**Information shown**
----------
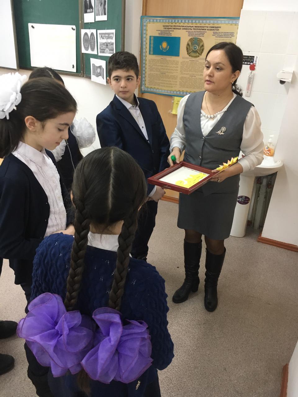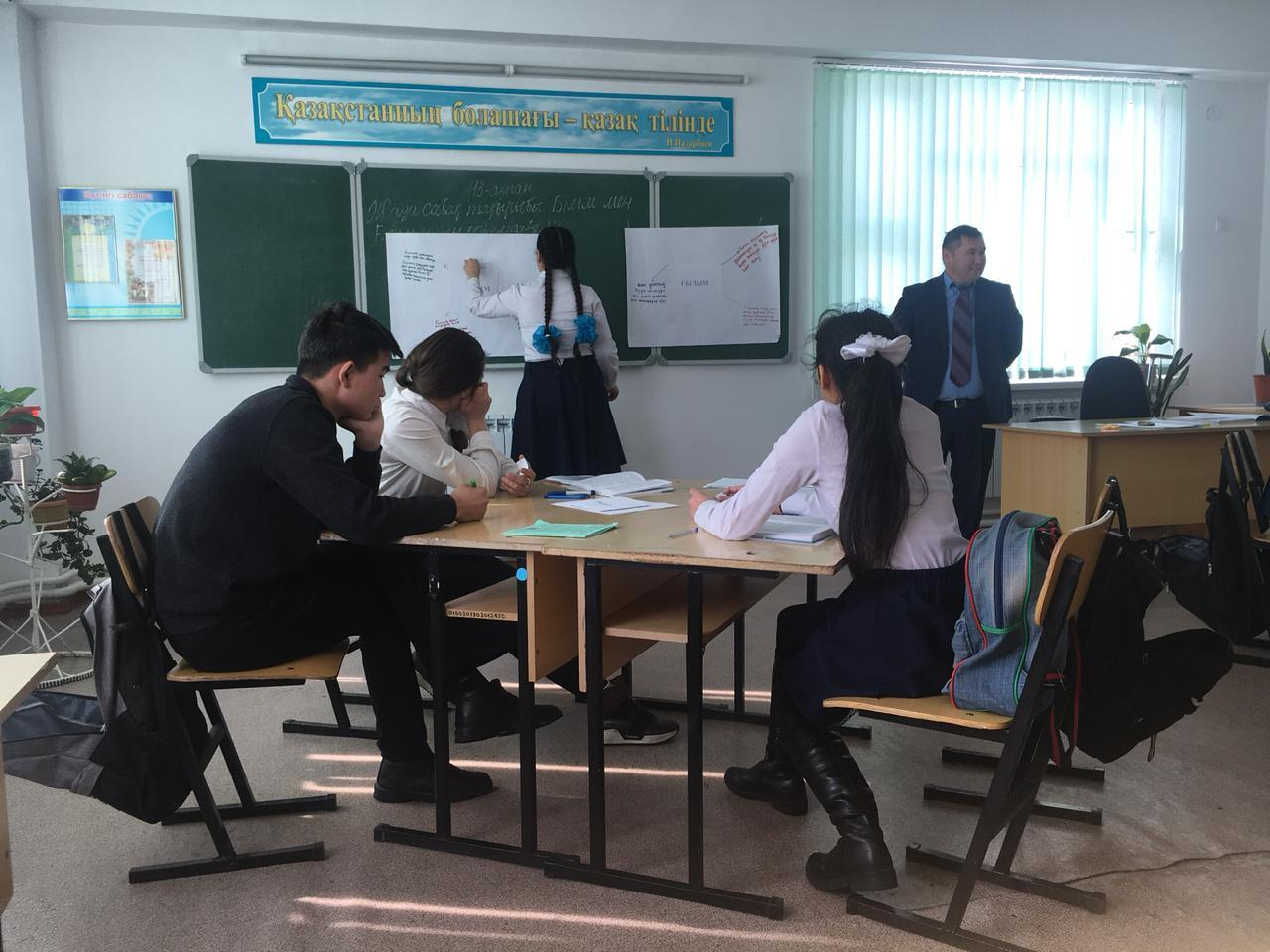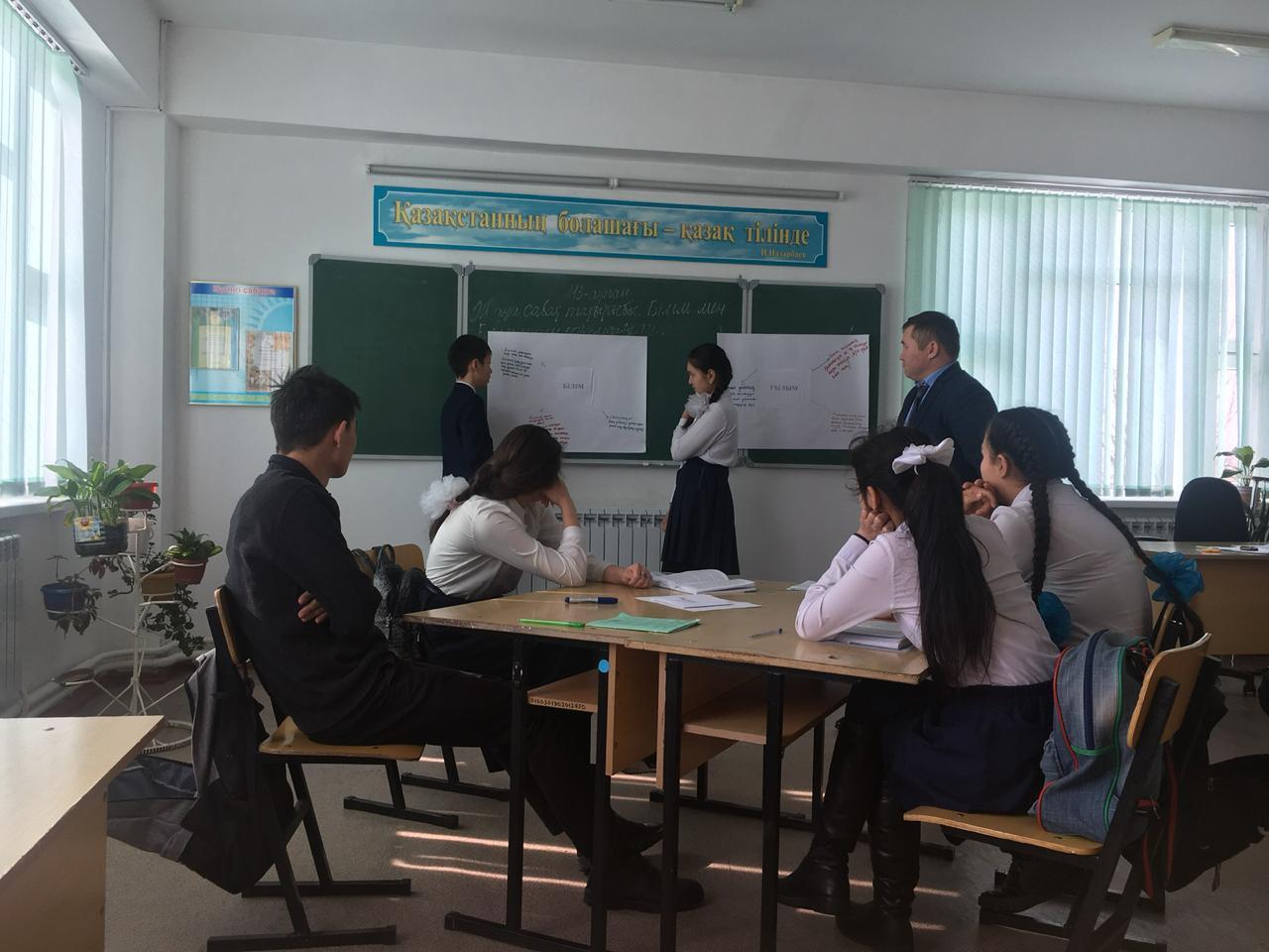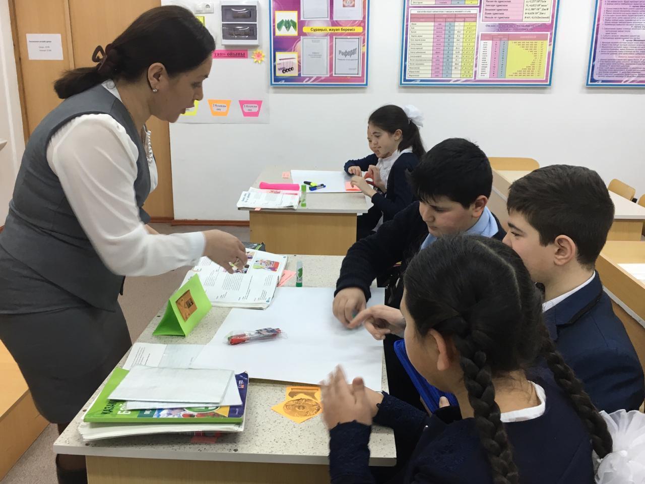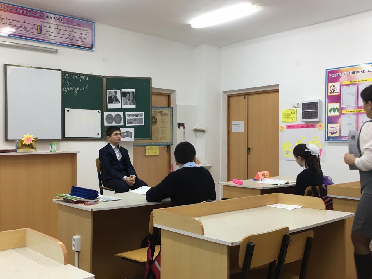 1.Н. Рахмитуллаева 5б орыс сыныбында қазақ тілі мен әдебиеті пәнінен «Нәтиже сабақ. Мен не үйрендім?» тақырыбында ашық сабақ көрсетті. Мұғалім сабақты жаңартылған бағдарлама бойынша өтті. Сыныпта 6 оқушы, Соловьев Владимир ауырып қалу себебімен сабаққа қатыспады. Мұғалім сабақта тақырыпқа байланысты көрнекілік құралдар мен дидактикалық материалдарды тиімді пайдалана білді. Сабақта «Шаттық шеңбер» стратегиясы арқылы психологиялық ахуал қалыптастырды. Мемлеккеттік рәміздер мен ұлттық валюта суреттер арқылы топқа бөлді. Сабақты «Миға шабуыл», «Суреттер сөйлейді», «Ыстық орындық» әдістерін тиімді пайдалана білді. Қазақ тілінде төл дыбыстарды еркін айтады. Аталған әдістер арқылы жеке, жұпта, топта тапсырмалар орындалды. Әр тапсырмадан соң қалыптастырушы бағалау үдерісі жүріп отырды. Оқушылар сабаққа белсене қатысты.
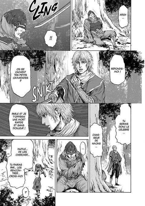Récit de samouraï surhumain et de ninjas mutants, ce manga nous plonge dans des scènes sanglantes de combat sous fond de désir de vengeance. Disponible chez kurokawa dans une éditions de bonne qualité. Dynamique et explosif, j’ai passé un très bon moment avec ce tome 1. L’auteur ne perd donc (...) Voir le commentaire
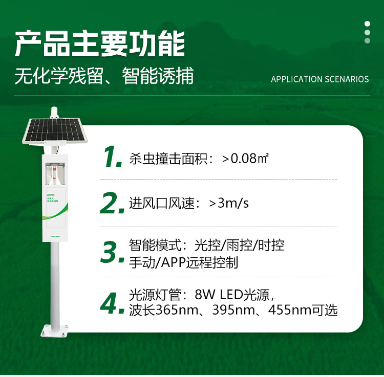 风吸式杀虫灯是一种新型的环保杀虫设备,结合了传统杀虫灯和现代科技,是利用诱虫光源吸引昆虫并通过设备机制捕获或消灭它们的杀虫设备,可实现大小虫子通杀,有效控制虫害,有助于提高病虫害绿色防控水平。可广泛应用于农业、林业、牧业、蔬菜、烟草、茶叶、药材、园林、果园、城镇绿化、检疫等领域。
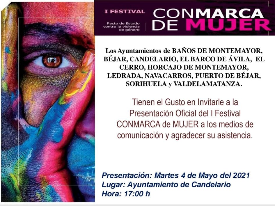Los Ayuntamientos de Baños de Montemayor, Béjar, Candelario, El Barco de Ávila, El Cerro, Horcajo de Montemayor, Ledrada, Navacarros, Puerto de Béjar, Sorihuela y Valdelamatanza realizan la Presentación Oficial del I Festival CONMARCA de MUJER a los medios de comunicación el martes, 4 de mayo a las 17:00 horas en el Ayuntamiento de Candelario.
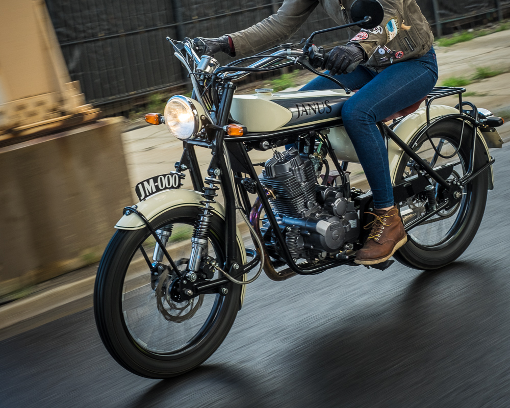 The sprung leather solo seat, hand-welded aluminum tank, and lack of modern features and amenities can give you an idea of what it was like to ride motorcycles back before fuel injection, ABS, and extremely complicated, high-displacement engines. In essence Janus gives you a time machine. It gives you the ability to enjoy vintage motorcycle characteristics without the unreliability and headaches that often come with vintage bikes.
----------
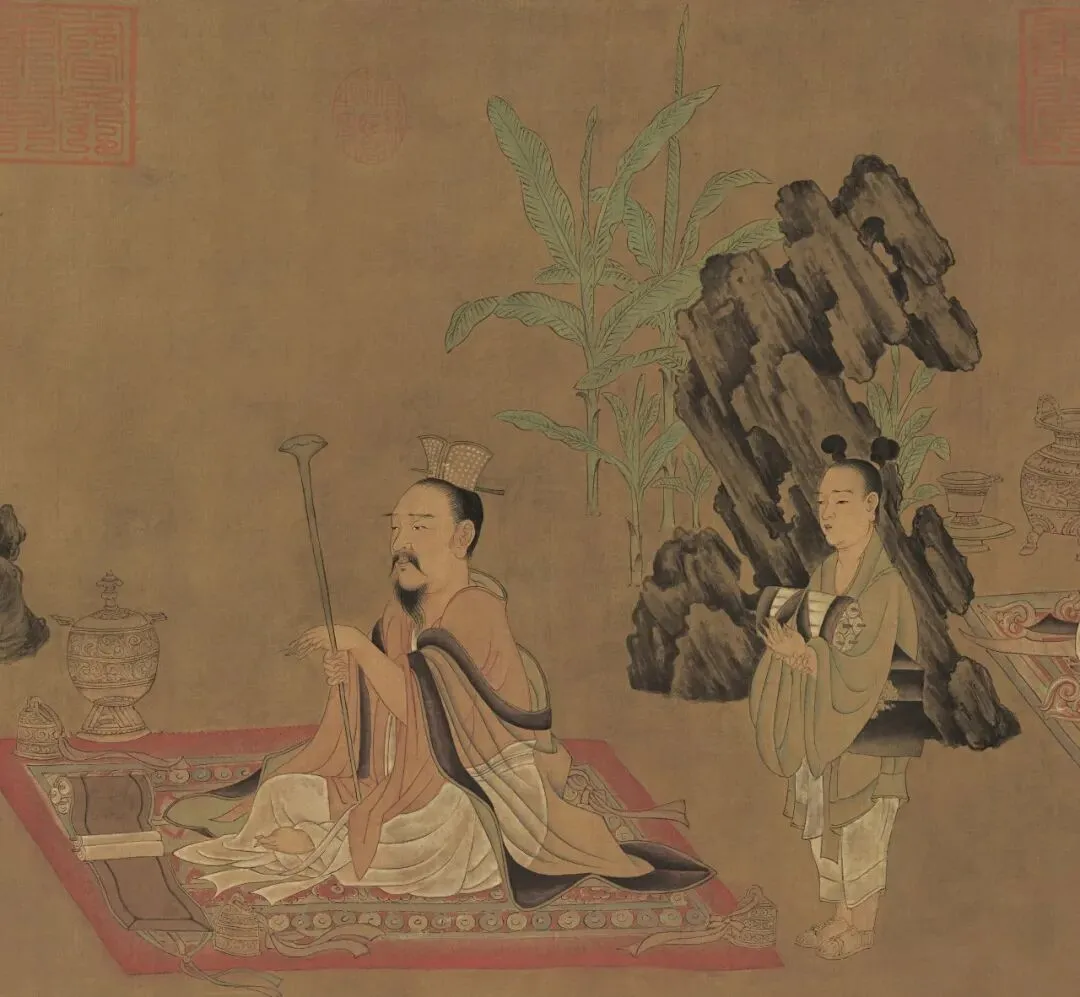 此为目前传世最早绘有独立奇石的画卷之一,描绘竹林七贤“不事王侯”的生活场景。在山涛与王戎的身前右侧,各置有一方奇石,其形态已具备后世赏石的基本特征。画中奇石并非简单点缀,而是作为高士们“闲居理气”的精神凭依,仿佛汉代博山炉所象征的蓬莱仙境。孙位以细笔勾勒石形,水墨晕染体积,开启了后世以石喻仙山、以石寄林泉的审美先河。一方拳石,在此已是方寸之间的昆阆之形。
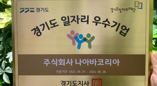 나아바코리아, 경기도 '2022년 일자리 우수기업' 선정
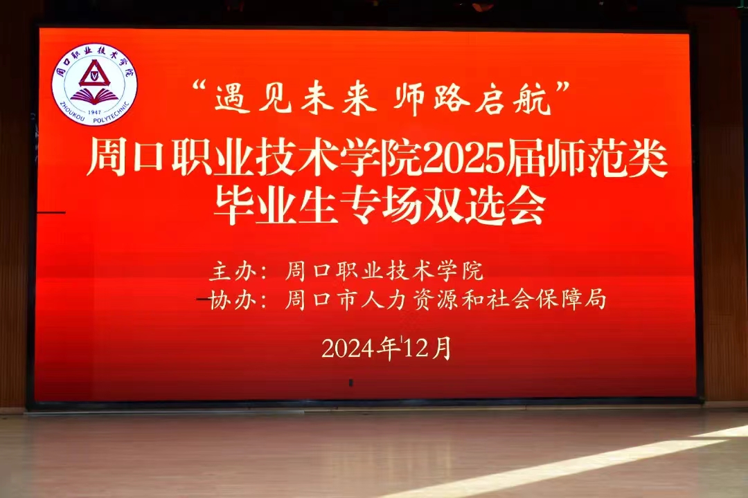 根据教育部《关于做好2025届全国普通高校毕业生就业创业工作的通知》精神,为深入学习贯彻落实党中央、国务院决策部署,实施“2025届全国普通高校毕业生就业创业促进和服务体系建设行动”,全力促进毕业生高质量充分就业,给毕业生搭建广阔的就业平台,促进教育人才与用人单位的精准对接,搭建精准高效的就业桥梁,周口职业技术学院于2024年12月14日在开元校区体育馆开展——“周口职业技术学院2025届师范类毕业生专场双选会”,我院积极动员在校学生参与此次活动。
----------
**Work order**
Give back exactly the lines above from the one with "Los Ayuntamientos de" through the one with "The sprung leather", both included. Pictures don't belong in the copy.

**Written response**
Los Ayuntamientos de Baños de Montemayor, Béjar, Candelario, El Barco de Ávila, El Cerro, Horcajo de Montemayor, Ledrada, Navacarros, Puerto de Béjar, Sorihuela y Valdelamatanza realizan la Presentación Oficial del I Festival CONMARCA de MUJER a los medios de comunicación el martes, 4 de mayo a las 17:00 horas en el Ayuntamiento de Candelario.
 The sprung leather solo seat, hand-welded aluminum tank, and lack of modern features and amenities can give you an idea of what it was like to ride motorcycles back before fuel injection, ABS, and extremely complicated, high-displacement engines. In essence Janus gives you a time machine. It gives you the ability to enjoy vintage motorcycle characteristics without the unreliability and headaches that often come with vintage bikes.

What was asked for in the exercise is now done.